Shown below is a listing with pictures; reproduce exactly, and only, the lines between the ones containing "(7)项目标段划分:盐城港保" and "Liebe Kinder, liebe", inclusive, leaving the pictures out.

**Extracted records**.
--
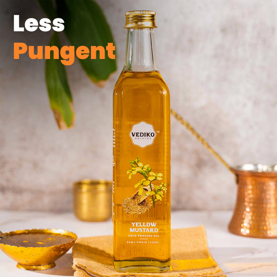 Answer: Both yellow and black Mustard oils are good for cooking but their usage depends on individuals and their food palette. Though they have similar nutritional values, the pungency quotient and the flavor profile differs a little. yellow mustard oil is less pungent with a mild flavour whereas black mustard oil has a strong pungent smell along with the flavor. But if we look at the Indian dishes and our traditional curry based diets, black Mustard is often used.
--
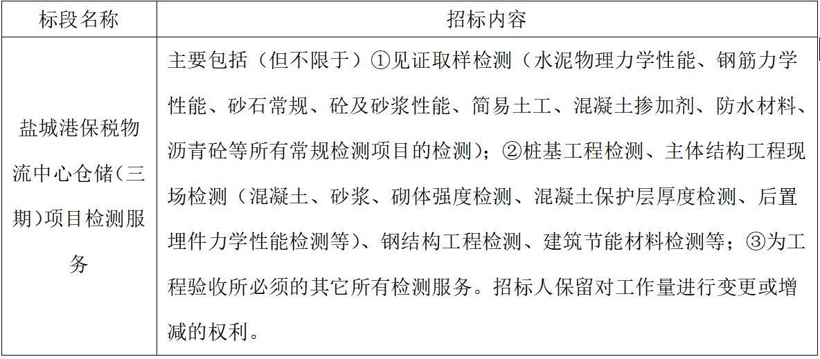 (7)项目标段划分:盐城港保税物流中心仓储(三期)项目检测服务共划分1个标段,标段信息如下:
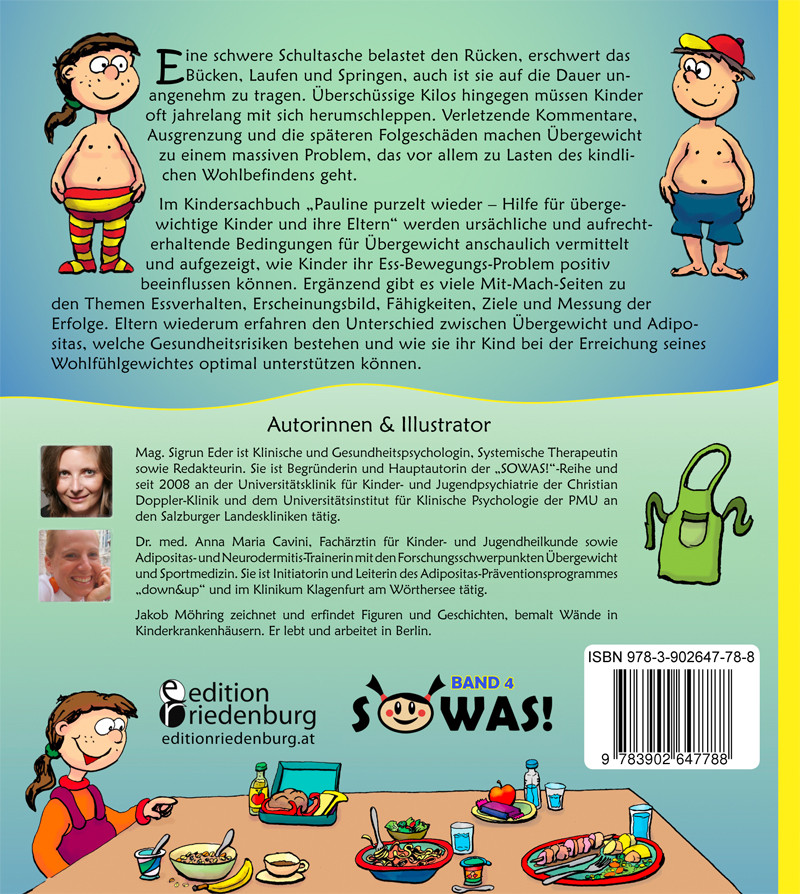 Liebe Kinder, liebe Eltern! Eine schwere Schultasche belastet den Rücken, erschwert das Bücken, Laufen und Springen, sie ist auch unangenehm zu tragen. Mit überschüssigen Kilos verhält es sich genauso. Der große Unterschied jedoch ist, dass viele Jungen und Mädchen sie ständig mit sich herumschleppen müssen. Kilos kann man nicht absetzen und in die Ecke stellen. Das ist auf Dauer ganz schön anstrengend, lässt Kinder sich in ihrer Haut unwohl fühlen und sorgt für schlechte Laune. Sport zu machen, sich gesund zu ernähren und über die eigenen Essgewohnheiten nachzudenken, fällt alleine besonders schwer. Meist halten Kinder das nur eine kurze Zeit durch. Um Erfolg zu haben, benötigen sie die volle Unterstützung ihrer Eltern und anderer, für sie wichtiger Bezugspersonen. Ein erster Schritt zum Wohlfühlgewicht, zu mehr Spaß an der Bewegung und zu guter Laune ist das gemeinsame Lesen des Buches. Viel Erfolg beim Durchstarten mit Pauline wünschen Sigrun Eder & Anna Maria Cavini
--
**Result for this task**.
 (7)项目标段划分:盐城港保税物流中心仓储(三期)项目检测服务共划分1个标段,标段信息如下:
 Liebe Kinder, liebe Eltern! Eine schwere Schultasche belastet den Rücken, erschwert das Bücken, Laufen und Springen, sie ist auch unangenehm zu tragen. Mit überschüssigen Kilos verhält es sich genauso. Der große Unterschied jedoch ist, dass viele Jungen und Mädchen sie ständig mit sich herumschleppen müssen. Kilos kann man nicht absetzen und in die Ecke stellen. Das ist auf Dauer ganz schön anstrengend, lässt Kinder sich in ihrer Haut unwohl fühlen und sorgt für schlechte Laune. Sport zu machen, sich gesund zu ernähren und über die eigenen Essgewohnheiten nachzudenken, fällt alleine besonders schwer. Meist halten Kinder das nur eine kurze Zeit durch. Um Erfolg zu haben, benötigen sie die volle Unterstützung ihrer Eltern und anderer, für sie wichtiger Bezugspersonen. Ein erster Schritt zum Wohlfühlgewicht, zu mehr Spaß an der Bewegung und zu guter Laune ist das gemeinsame Lesen des Buches. Viel Erfolg beim Durchstarten mit Pauline wünschen Sigrun Eder & Anna Maria Cavini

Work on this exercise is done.